Exercise aim
For the entries below, the result should be an exact transcription of the lines from the one with "Peridot ve ametist" up to and including the one with "可以看到GSE28623是 芯片数据,因此可以使用GEOquery包下临床信息,然后从网页下载 原始的基因表达数据用", and only those.

Material shown
____

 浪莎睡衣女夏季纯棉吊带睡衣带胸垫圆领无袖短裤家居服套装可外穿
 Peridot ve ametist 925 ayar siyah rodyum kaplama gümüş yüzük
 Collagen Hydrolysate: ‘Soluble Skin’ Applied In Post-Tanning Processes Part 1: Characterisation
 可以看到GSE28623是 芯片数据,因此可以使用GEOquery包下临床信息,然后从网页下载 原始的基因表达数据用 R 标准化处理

____

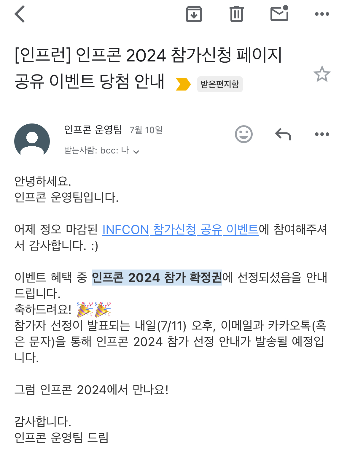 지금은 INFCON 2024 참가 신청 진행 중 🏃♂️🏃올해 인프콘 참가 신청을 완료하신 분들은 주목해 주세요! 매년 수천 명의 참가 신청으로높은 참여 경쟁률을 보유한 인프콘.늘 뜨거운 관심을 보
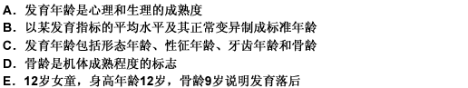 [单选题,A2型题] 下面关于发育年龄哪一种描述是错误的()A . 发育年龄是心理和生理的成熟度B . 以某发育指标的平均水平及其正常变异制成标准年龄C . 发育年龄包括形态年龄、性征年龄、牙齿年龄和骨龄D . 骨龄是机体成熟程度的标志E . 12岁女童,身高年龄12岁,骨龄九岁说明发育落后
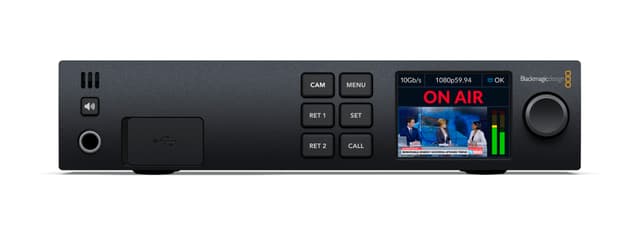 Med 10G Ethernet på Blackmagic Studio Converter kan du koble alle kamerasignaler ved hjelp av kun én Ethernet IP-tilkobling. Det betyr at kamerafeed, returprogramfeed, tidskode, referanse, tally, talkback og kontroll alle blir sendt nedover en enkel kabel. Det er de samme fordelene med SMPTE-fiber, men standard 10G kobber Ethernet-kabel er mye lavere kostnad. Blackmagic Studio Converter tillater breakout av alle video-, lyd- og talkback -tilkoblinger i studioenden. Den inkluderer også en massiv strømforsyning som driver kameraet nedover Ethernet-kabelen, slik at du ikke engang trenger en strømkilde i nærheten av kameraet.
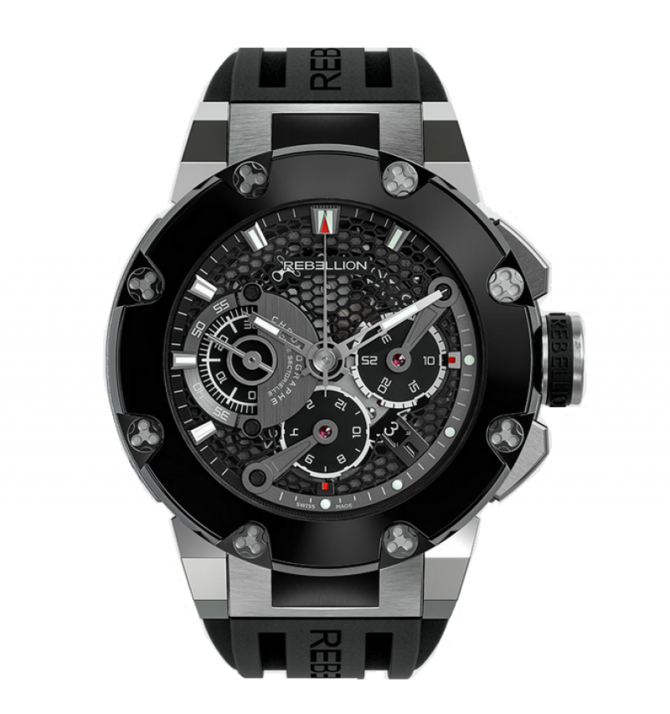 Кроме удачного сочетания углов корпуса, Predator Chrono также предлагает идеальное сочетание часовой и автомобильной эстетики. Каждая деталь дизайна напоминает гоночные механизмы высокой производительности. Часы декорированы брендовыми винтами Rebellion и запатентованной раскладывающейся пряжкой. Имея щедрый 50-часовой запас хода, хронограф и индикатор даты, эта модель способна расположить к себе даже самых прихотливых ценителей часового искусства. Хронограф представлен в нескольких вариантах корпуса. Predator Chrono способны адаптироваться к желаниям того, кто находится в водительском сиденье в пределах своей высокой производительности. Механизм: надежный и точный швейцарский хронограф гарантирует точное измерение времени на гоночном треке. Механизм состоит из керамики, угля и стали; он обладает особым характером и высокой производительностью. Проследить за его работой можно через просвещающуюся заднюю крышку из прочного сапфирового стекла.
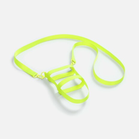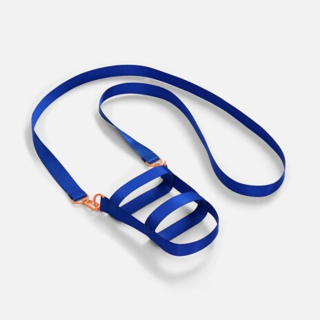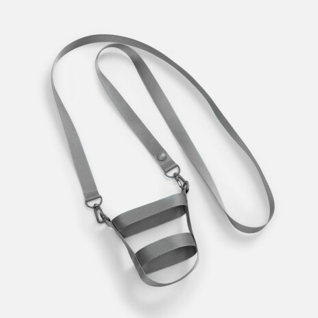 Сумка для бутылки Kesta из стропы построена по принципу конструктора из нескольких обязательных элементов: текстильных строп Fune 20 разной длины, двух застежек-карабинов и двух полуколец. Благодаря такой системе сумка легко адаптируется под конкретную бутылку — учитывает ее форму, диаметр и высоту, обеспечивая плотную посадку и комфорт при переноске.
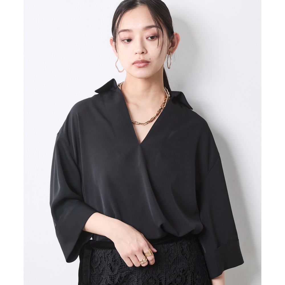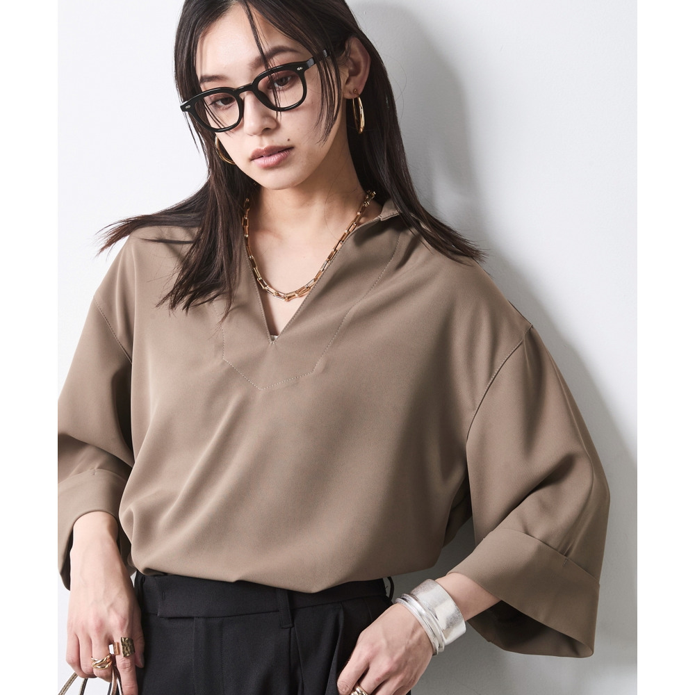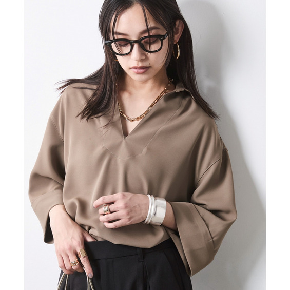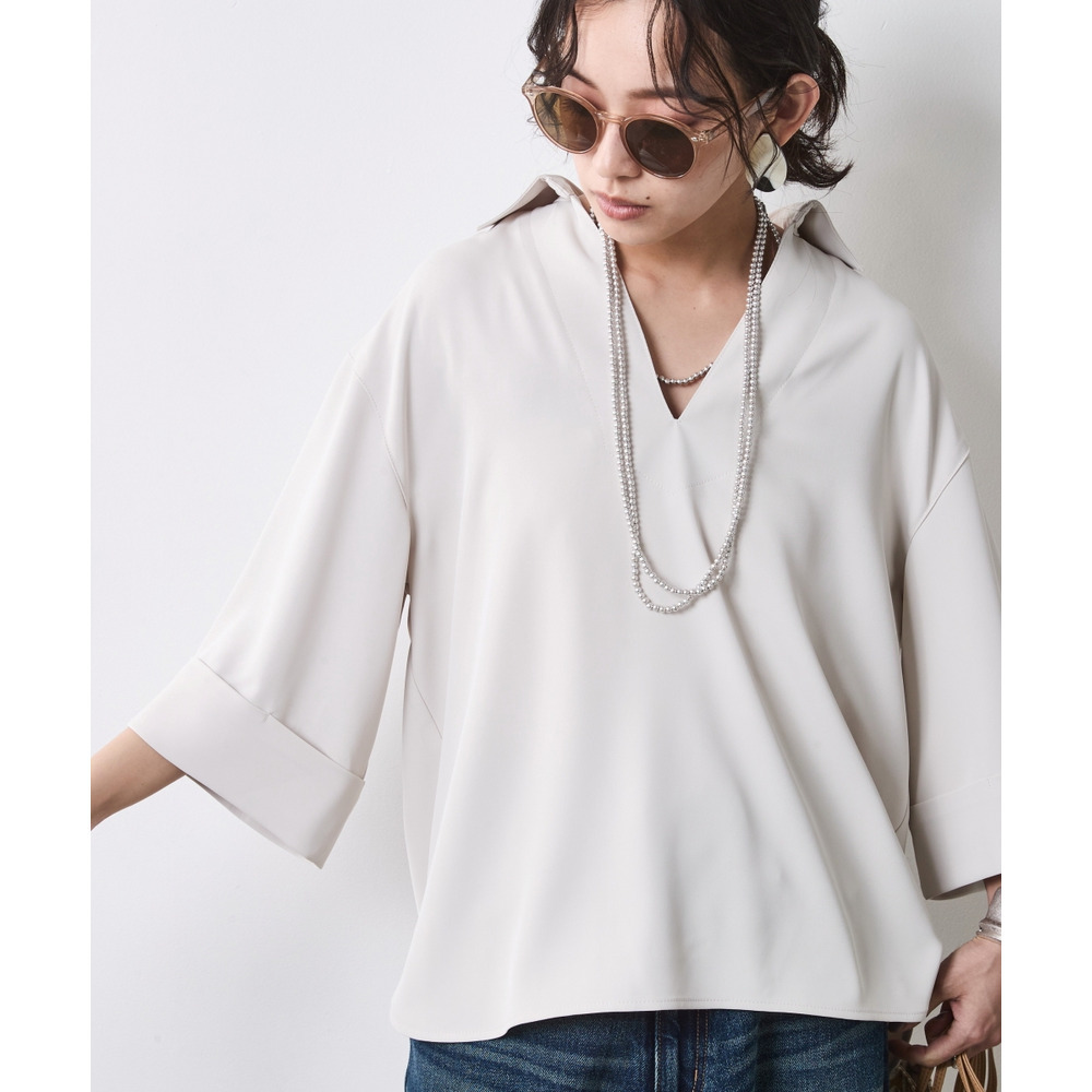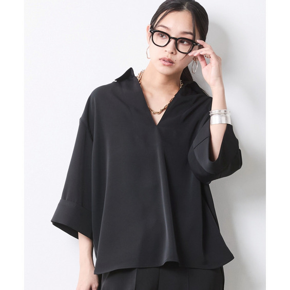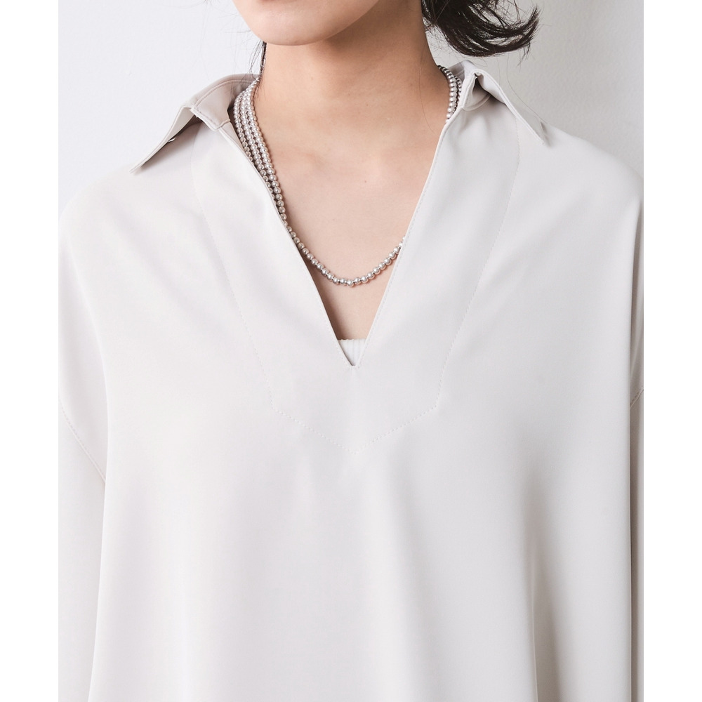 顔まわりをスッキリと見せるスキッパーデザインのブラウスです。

____

Result of this task
 Peridot ve ametist 925 ayar siyah rodyum kaplama gümüş yüzük
 Collagen Hydrolysate: ‘Soluble Skin’ Applied In Post-Tanning Processes Part 1: Characterisation
 可以看到GSE28623是 芯片数据,因此可以使用GEOquery包下临床信息,然后从网页下载 原始的基因表达数据用 R 标准化处理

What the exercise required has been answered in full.